- [EXERCISE REQUIREMENTS]: Copy every line of the data exactly, keeping out any picture.

** Opening SOURCE DATA block **

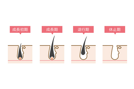 毛が生え始めてから成長して抜け落ち、また生え始めるまでの期間は、毛周期と呼ばれます。毛周期は成長期、退行期、休止期を繰り返して毛は生え変わっています。脱毛効果が出やすい期間は成長期であり、成長期以外の毛に対しては、レーザー照射してもダメージを与えることはできません。
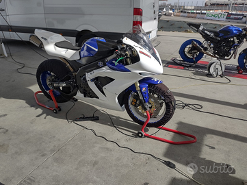 R1 2006 targata ma ad uso pista, ammortizzatore di sterzo holins,pedane arretrate, semimanubri, pastiglie racing, terminali mivv, centralina mappata by peppo russo (190cv) , filtro aria,impianto elettrico semplificato, in scatola ho impianto elettrico fanali anteriori, blocchetto chiavi originale ecc, non dispongo delle carene originali, sempre tagliandata con motul. Prezzo trattabile. Purtroppo cedo per inutilizzo.
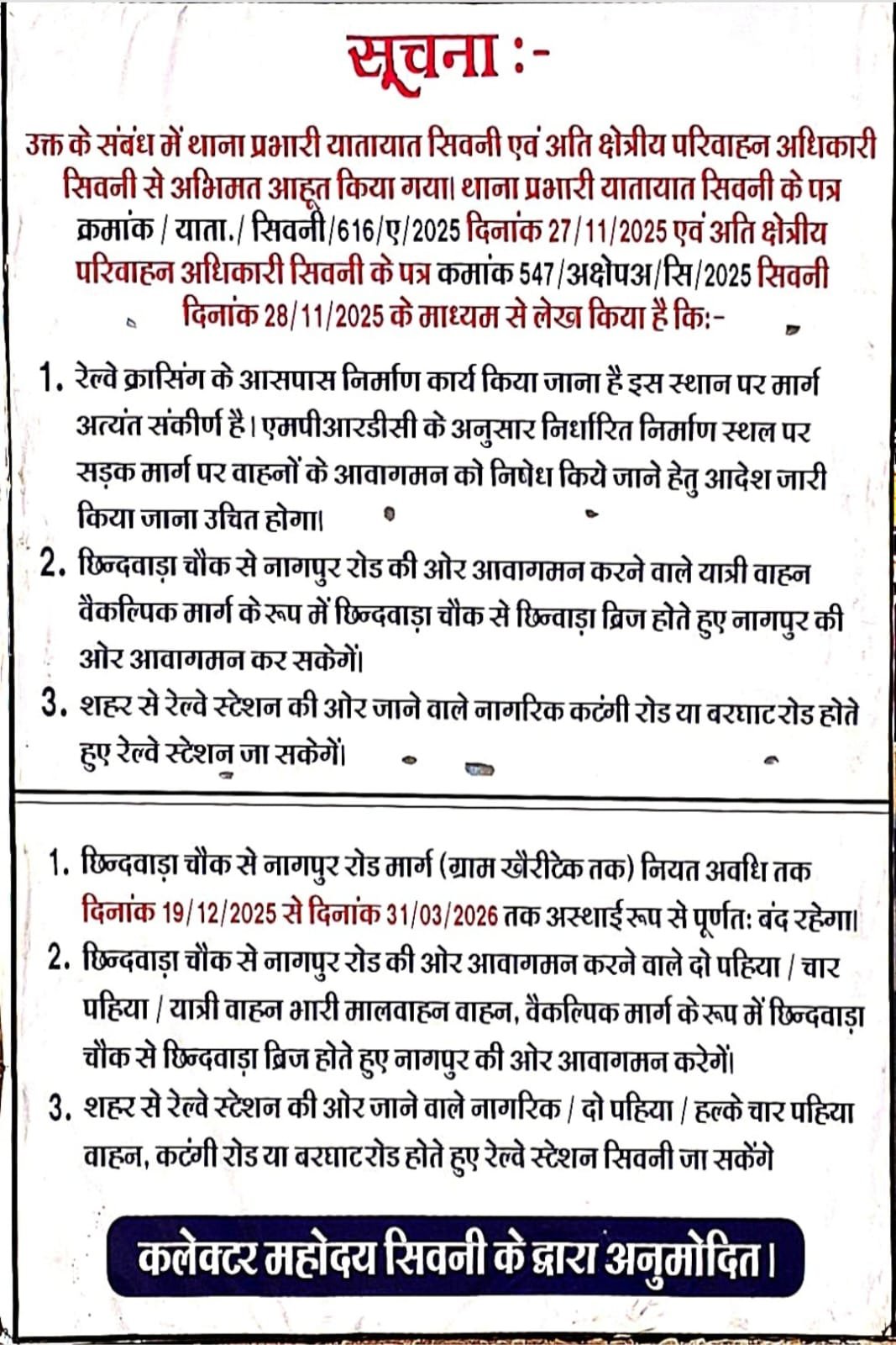 सिवनी। नागपुर रोड पर निर्माणाधीन रेलवे ब्रिज के कार्य के दौरान आम नागरिकों की सुरक्षा एवं संभावित दुर्घटनाओं को रोकने के उद्देश्य से मार्ग को अस्थायी रूप से बंद किया गया है। अनुविभागीय दण्डाधिकारी के आदेश के तहत लागू किया गया है। आदेश के अनुसार छिंदवाड़ा चौक से नागपुर रोड (ग्राम खैरीटेक की ओर) जाने वाला मार्ग 19 दिसंबर 2025 से 31 मार्च 2026 तक पूर्णतः अस्थायी

** Closing SOURCE DATA block **

- [ANSWER TO THIS TASK]:
 毛が生え始めてから成長して抜け落ち、また生え始めるまでの期間は、毛周期と呼ばれます。毛周期は成長期、退行期、休止期を繰り返して毛は生え変わっています。脱毛効果が出やすい期間は成長期であり、成長期以外の毛に対しては、レーザー照射してもダメージを与えることはできません。
 R1 2006 targata ma ad uso pista, ammortizzatore di sterzo holins,pedane arretrate, semimanubri, pastiglie racing, terminali mivv, centralina mappata by peppo russo (190cv) , filtro aria,impianto elettrico semplificato, in scatola ho impianto elettrico fanali anteriori, blocchetto chiavi originale ecc, non dispongo delle carene originali, sempre tagliandata con motul. Prezzo trattabile. Purtroppo cedo per inutilizzo.
 सिवनी। नागपुर रोड पर निर्माणाधीन रेलवे ब्रिज के कार्य के दौरान आम नागरिकों की सुरक्षा एवं संभावित दुर्घटनाओं को रोकने के उद्देश्य से मार्ग को अस्थायी रूप से बंद किया गया है। अनुविभागीय दण्डाधिकारी के आदेश के तहत लागू किया गया है। आदेश के अनुसार छिंदवाड़ा चौक से नागपुर रोड (ग्राम खैरीटेक की ओर) जाने वाला मार्ग 19 दिसंबर 2025 से 31 मार्च 2026 तक पूर्णतः अस्थायी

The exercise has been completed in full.